Curious to know the precise value of this experience to the city, Commissioner Kim Rossmo wanted to know what lessons could be applied to Austin. “What should we be doing that we’re not?” he asked.
Chief Denzer noted that if money was no constraint he would have a laundry list of recommendations. However, being realistic, he suggested that the city and the fire department engage in more community work to prepare Austinites for the threat of fire in West Austin.
Commissioner Ed Scruggs noted that it is not merely Austin that should be prepared.

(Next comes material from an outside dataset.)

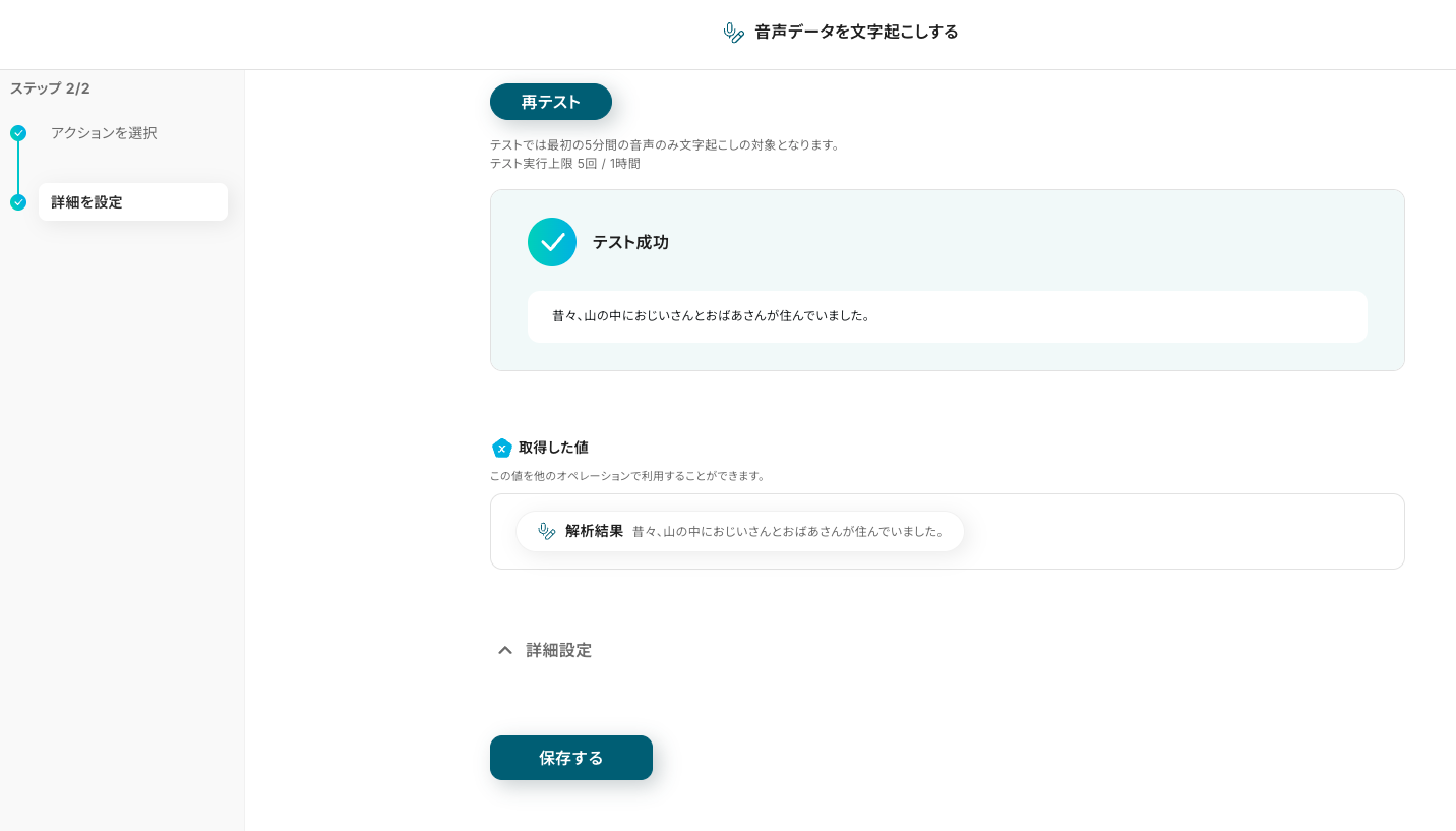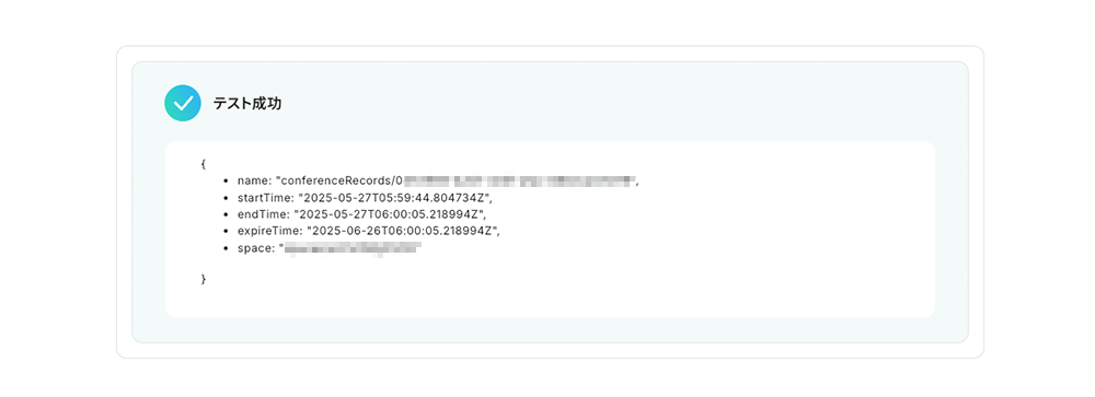 設定を確認したら、テストボタンをクリック します。成功すると、レコーディング情報が取得できます。
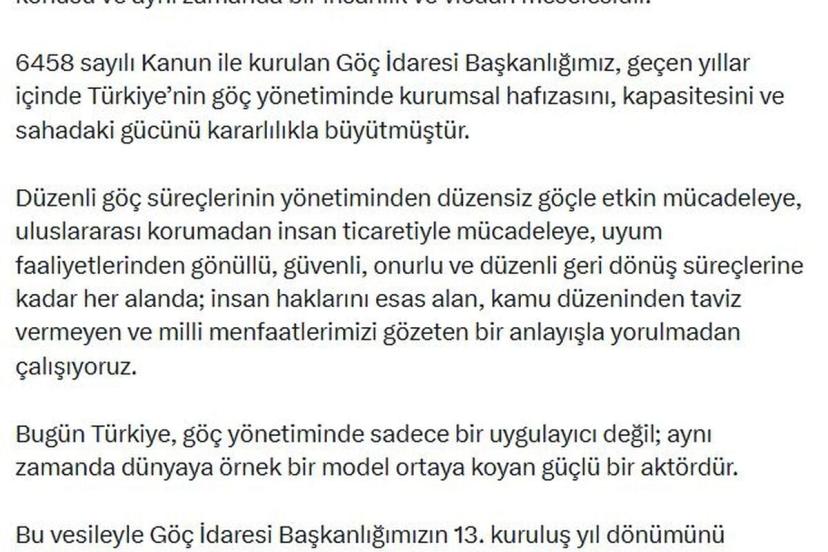 Bakan Çiftçi, sanal medya hesabından paylaştığı mesajda, "Göç salt bir hareket değil; bir güvenlik meselesi, bir devlet yönetimi konusu ve aynı zamanda bir insanlık ve vicdan meselesidir. 6458 sayılı Kanun ile kurulan Göç İdaresi Başkanlığımız, geçen yıllar içinde Türkiye'nin göç yönetiminde kurumsal hafızasını, kapasitesini ve sahadaki gücünü kararlılıkla büyütmüştür. Düzenli göç süreçlerinin yönetiminden düzensiz göçle etkin mücadeleye, uluslararası korumadan insan ticaretiyle mücadeleye, uyum faaliyetlerinden gönüllü, güvenli, onurlu ve düzenli geri dönüş süreçlerine kadar her alanda; insan haklarını esas alan, kamu düzeninden taviz vermeyen ve milli menfaatlerimizi gözeten bir anlayışla yorulmadan çalışıyoruz. Bugün Türkiye, göç yönetiminde sadece bir uygulayıcı değil; aynı zamanda dünyaya örnek bir model ortaya koyan güçlü bir aktördür. Bu vesileyle Göç İdaresi Başkanlığı'mızın 13'üncü kuruluş yıl dönümünü kutluyor; fedakarca görev yapan tüm personelimize teşekkür ediyorum" dedi. Bakan Çiftçi, paylaşımında, Göç İdaresi Başkanlığı'nın çalışmalarından görüntülere de yer verdi.

Surrounding municipalities need to be on the same page and have similar triage plans so that resources can move quickly to combat the blazes before they spread like wildfire.
There is only one issue with collaboration. “We’re working with more private landowners in the state of Texas,” noted Chief Denzer. That, he explained, makes it harder to have interlocked coordination like the state of California employs.
Still, the commissioners and the fire department agree that it is paramount that they prepare the citizens of Austin for the “big bad fire” that is going to happen in West Austin. As it stands, “If it (a mega-fire) came through West Austin right now everyone would be feeling the effects of it,” explained Denzer.
To help plan for the future, the fire department will return to the Public Safety Commission in January to continue discussing wildfire prevention and preparedness in Greater Austin.